In the past, when I pointed this out to Twisted aficionados, the
responses usually were a mix of "sure, if you like that style, we got
it covered, Twisted has inlineCallbacks," and "but that only works for
the simple cases, for the real stuff you still need Deferreds." But
that really sounds to me like Twisted people just liking what they've
got and not wanting to change. Which I understand -- I don't want to
change either. But I also observe that a lot of people find bare
Twisted-with-Deferreds too hard to grok, so they use Tornado instead,
or they build a layer on top of either (like Monocle), or they go a
completely different route and use greenlets/gevent instead -- and get
amazing performance and productivity that way too, even though they
know it's monkey-patching their asses off...

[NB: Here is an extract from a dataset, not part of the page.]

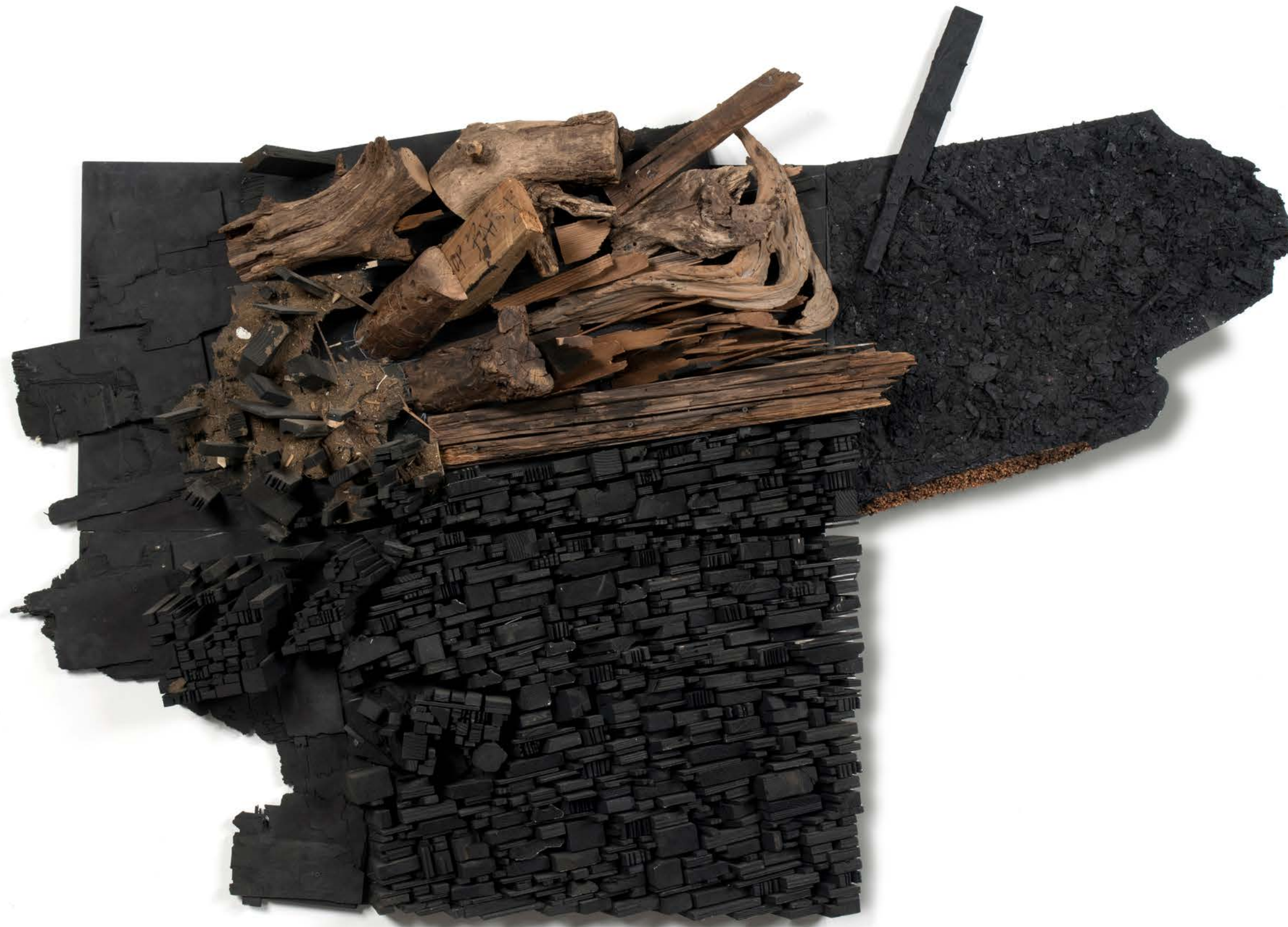
Number 18C 数字18C, 2015, Wood and paint 木材和顏料, 216 x 147 x 37 cm (85 x 57 7/8 x 14 5/8 in.)

So, in the end, for Python 3.4 and beyond, I want to promote a style
that mixes simple callbacks (perhaps augmented with simple Futures)
and generator-based coroutines (either PEP 342, yield/send-based, or
PEP 380 yield-from-based). I'm looking to Twisted for the best
reactors (see other thread). But for transport/protocol
implementations I think that generator/coroutines offers a cleaner,
better interface than incorporating Deferred.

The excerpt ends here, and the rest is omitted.